▶ _Extracted records_:
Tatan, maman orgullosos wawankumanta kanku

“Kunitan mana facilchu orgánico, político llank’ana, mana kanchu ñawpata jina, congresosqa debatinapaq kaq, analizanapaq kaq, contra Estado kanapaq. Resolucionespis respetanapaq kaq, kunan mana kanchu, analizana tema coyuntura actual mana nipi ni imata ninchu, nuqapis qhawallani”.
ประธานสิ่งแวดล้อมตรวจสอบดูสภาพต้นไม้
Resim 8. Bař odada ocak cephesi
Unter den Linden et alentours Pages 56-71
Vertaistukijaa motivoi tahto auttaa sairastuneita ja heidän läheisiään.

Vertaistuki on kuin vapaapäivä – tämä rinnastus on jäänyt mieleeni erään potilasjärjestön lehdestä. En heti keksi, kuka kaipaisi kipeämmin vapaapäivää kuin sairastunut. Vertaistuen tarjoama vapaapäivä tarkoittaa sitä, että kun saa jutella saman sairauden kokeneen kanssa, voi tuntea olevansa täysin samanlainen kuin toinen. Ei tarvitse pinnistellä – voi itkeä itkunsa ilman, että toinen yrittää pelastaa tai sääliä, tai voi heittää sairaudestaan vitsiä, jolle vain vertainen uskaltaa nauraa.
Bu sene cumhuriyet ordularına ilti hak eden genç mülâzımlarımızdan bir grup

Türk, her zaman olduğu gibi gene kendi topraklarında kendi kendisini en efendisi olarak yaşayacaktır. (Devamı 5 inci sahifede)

...

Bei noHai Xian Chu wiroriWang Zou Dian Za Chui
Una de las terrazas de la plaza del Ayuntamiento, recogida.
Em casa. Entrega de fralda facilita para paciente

==

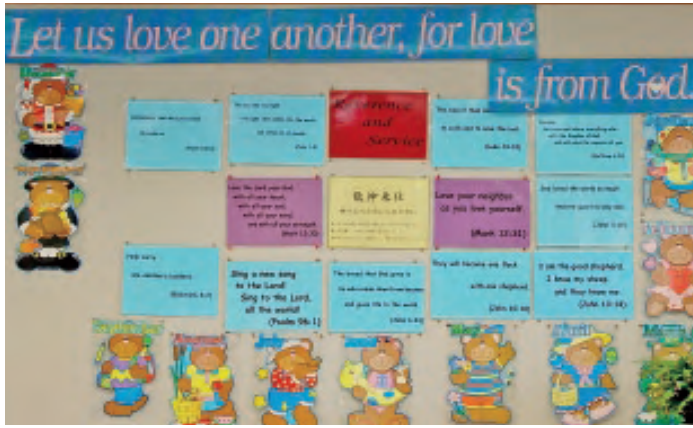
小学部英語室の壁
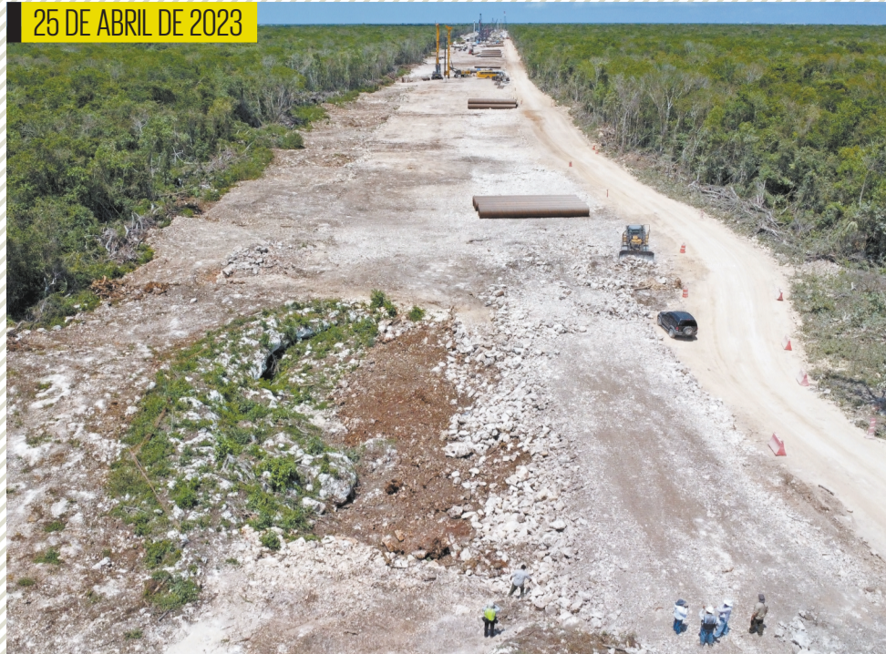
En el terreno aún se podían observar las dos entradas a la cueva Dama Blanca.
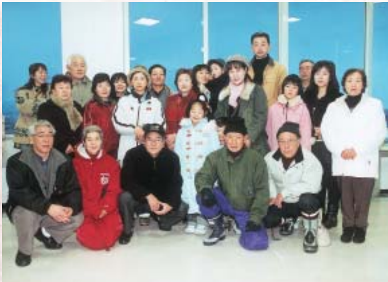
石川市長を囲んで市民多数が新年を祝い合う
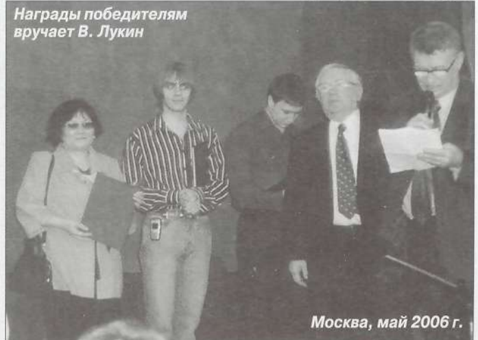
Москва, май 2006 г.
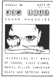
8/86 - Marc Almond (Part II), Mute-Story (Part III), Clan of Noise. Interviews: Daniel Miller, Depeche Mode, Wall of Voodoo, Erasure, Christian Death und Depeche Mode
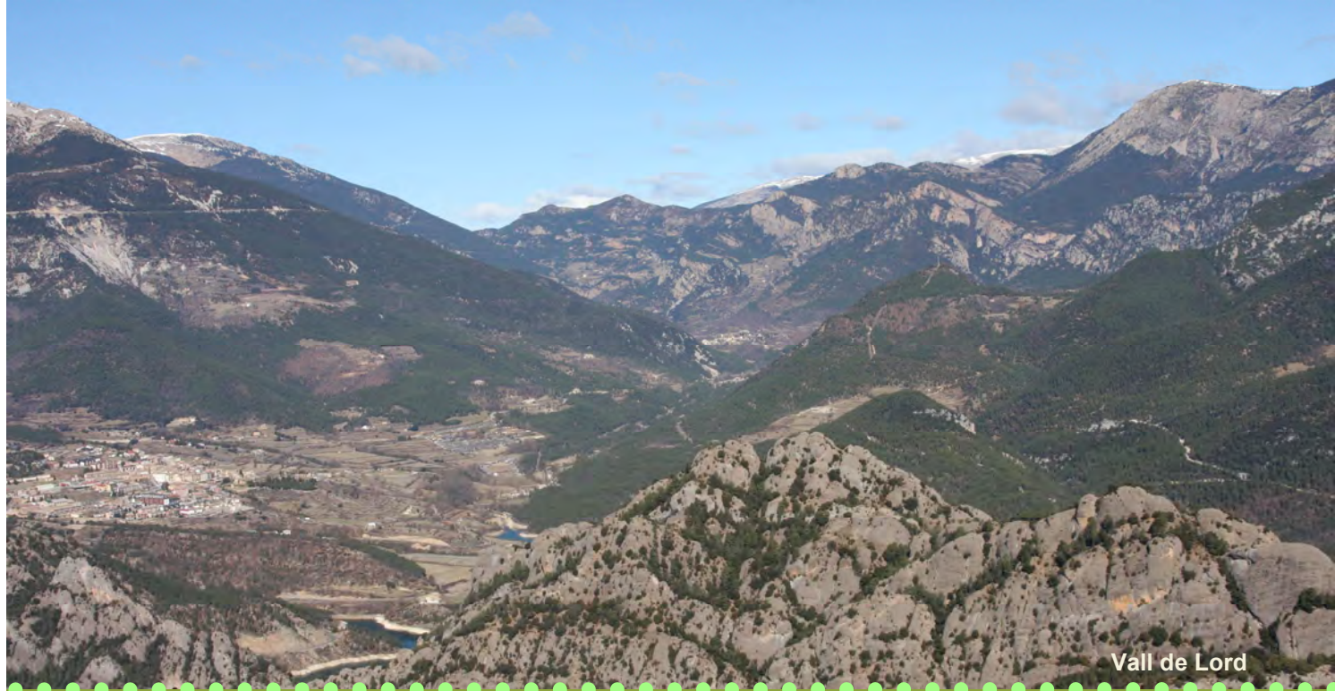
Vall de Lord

▶ _What the exercise asks_:
Given the data above, transcribe exactly the lines from the one containing "Unter den Linden et alentours Pages 56-71" down to the one containing "Bu sene cumhuriyet", and no others.

▶ _Reply to the task_:
Unter den Linden et alentours Pages 56-71
Vertaistukijaa motivoi tahto auttaa sairastuneita ja heidän läheisiään.

Vertaistuki on kuin vapaapäivä – tämä rinnastus on jäänyt mieleeni erään potilasjärjestön lehdestä. En heti keksi, kuka kaipaisi kipeämmin vapaapäivää kuin sairastunut. Vertaistuen tarjoama vapaapäivä tarkoittaa sitä, että kun saa jutella saman sairauden kokeneen kanssa, voi tuntea olevansa täysin samanlainen kuin toinen. Ei tarvitse pinnistellä – voi itkeä itkunsa ilman, että toinen yrittää pelastaa tai sääliä, tai voi heittää sairaudestaan vitsiä, jolle vain vertainen uskaltaa nauraa.
Bu sene cumhuriyet ordularına ilti hak eden genç mülâzımlarımızdan bir grup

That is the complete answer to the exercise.